1.              The Securities have been duly authorized and, when executed and authenticated in accordance with the provisions of the Indenture and delivered to and paid for by the Underwriters pursuant to the Underwriting Agreement, will be valid and binding obligations of the Company, enforceable in accordance with their terms, subject to applicable bankruptcy, insolvency and similar laws affecting creditors’ rights generally, concepts of reasonableness and equitable principles of general applicability, and will be entitled to the benefits of the Indenture pursuant to which such Securities are to be issued, provided that we express no opinion as to the (w) enforceability of any waiver of rights under any usury or stay law, (x) validity, legally binding effect or enforceability of any provision in the Securities that requires or relates to adjustments to the conversion rate at a rate or in an amount that a court would determine in the circumstances under applicable law to be commercially unreasonable or a penalty or forfeiture and (y) validity, legally binding effect or enforceability of any provision that permits holders to collect any portion of stated principal amount upon acceleration of the Securities to the extent determined to constitute unearned interest.

 

2.              The Underlying Securities initially issuable upon conversion of the Securities have been duly authorized and reserved and, when issued upon conversion of the Securities in accordance with the terms of the Securities, will be validly issued, fully paid and non-assessable.

 

In rendering the opinions in paragraph (1) above, we have assumed that the Trustee has been duly incorporated and is validly existing and in good standing under the laws of the jurisdiction of its organization.
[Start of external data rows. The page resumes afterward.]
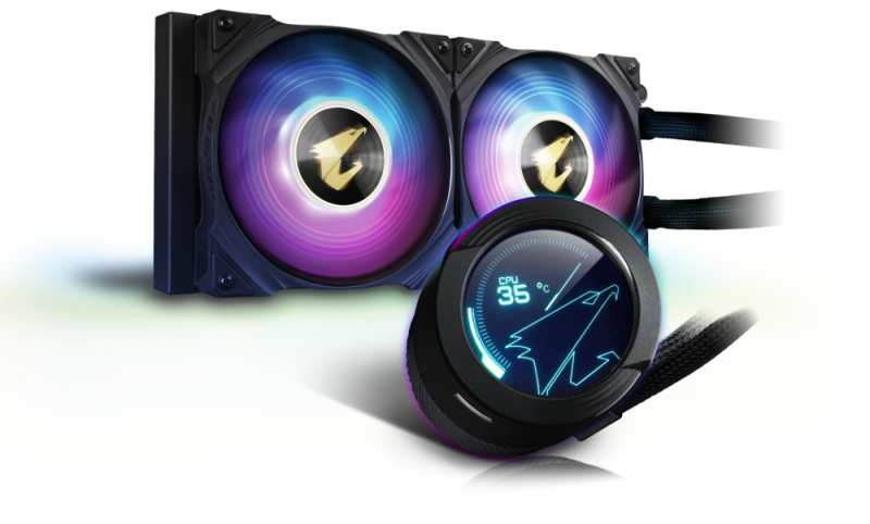 Gigabyte AORUS WATERFORCE X 240. Type All-in-one liquid cooler, Fan diameter 12 cm, Maximum airflow 60.07 cfm, Minimum air pressure 0.25 mmH2O, Maximum air pressure 3.14 mmH2O. Product colour Black
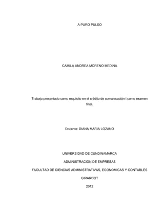 Este documento presenta la historia de María de Chávez, creadora y propietaria de la empresa de cosméticos Jolie de Vogue. Comenzó preparando esmaltes para uñas en un garaje y ahora emplea a más de 1.050 personas con cobertura nacional e internacional. Relata la historia de superación de María, quien a pesar de enfrentar dificultades nunca se rindió y logró cumplir su sueño de crear una exitosa empresa. El documento también incluye objetivos, ensayos, ideas, personajes y otros elementos
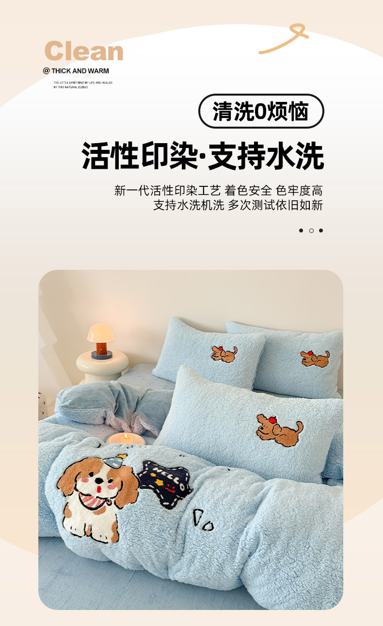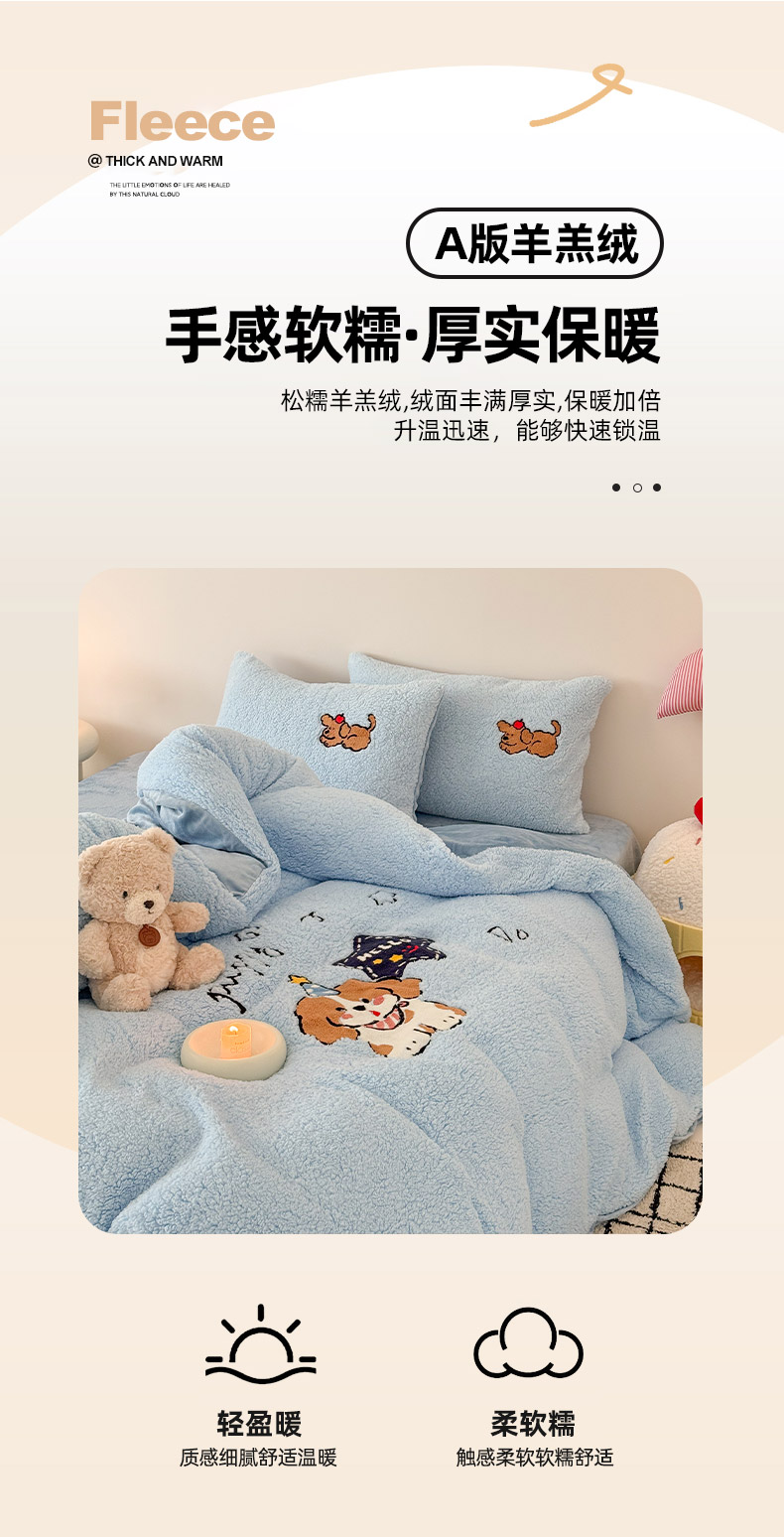 商品名称:乐坊 2025新款小阪羊羔绒牛奶绒卡通四件套冬季加厚保暖 星星小狗-蓝
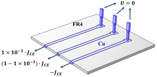 The last case to be simulated had a more elaborate structure. It was composed of a nonconductive FR4 substrate and conductive metal, including three pins of a power transistor and a conductive layer embedded in the substrate. The structure and boundary conditions are clearly indicated in Figure 14; notably, here is 3 × 107 . The geometric parameters of this case are highlighted in Figure 15.
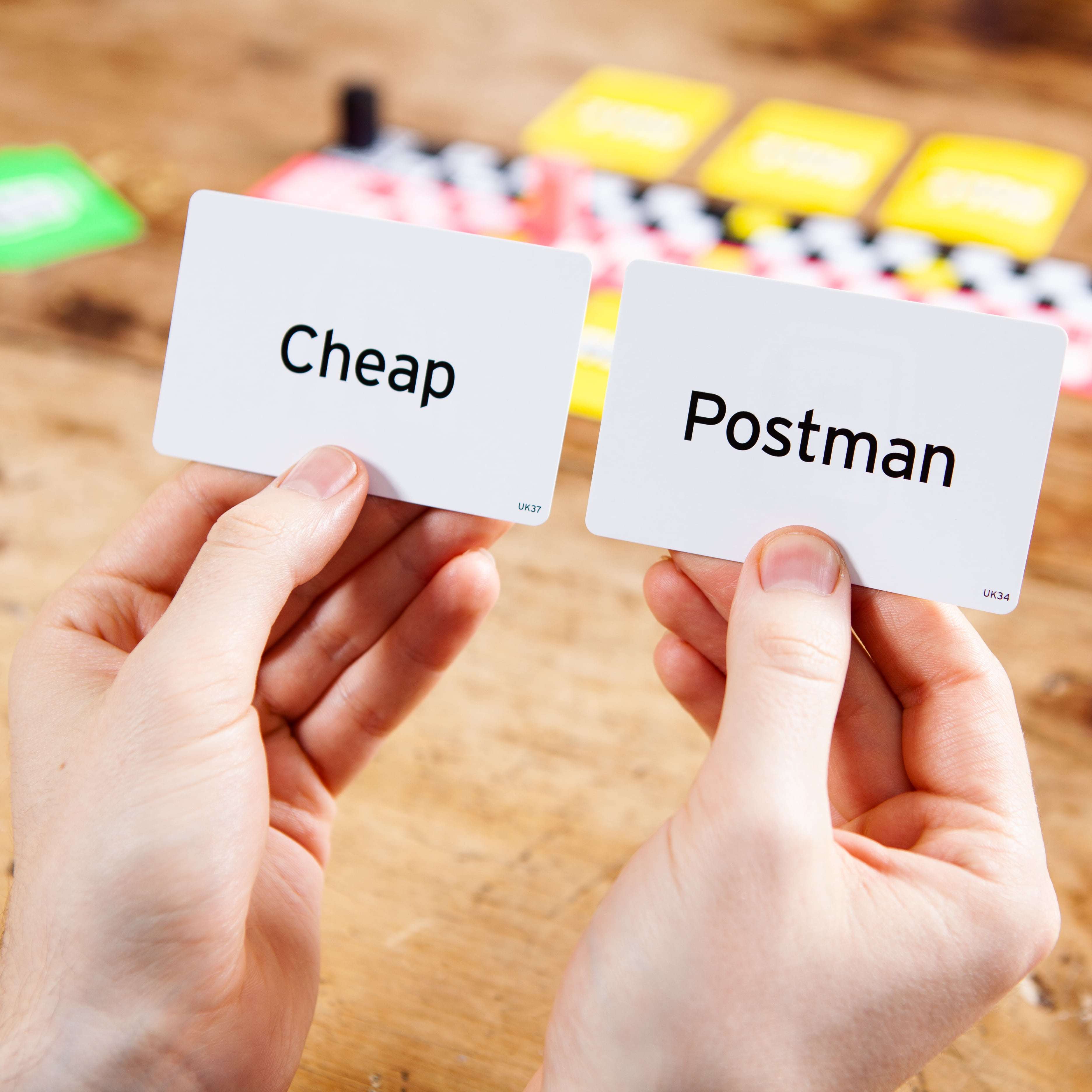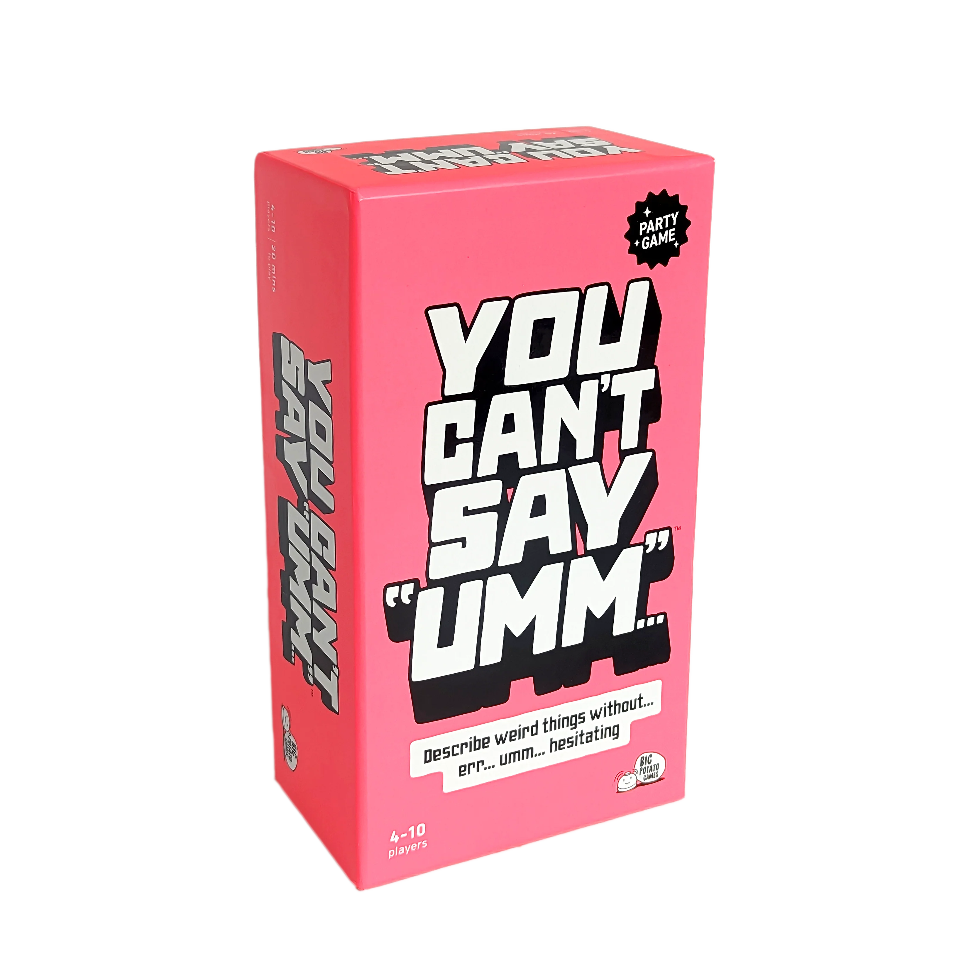 MADE FOR GAME NIGHTDing ding ding! The noisy bell, group celebrations and tongue-tied slip ups make this a hilarious party game for family and adults on game night.ALWAYS MIXING THINGS UPYou’re not just avoiding “umm”... this is a card game for adults and families that has loads of new challenges, like ‘change seats for every right answer’ and ‘do everything in a high-pitched voice’.

In addition, we have assumed that (i) the execution, delivery and performance of the Indenture and the Securities, (a) are within the corporate powers of the Trustee, (b) do not contravene, or constitute a default  under, the certificate of incorporation or bylaws or other constitutive documents of the Trustee, (c) require no action by or in respect of, or filing with, any governmental body, agency or official and (d) do not contravene, or constitute a default under, any provision of applicable law or regulation or any judgment, injunction, order or decree or any agreement or other instrument binding upon each party to the Indenture and the Securities and (ii) the Indenture is a valid, binding and enforceable agreement of the Trustee.

 

We are members of the Bar of the State of New York and the foregoing opinion is limited to the laws of the State of New York and General Corporation Law of the State of Delaware.

 

We hereby consent to the filing of this opinion as an exhibit to the report on Form 8-K to be filed by the Company on the date hereof and its incorporation by reference into the Registration Statement.  In addition, we consent to the reference to our name under the caption “Validity of Securities” in the prospectus supplement dated December 11, 2012, which is a part of the Registration Statement.  In giving this consent, we do not admit that we are in the category of persons whose consent is required under Section 7 of the Securities Act.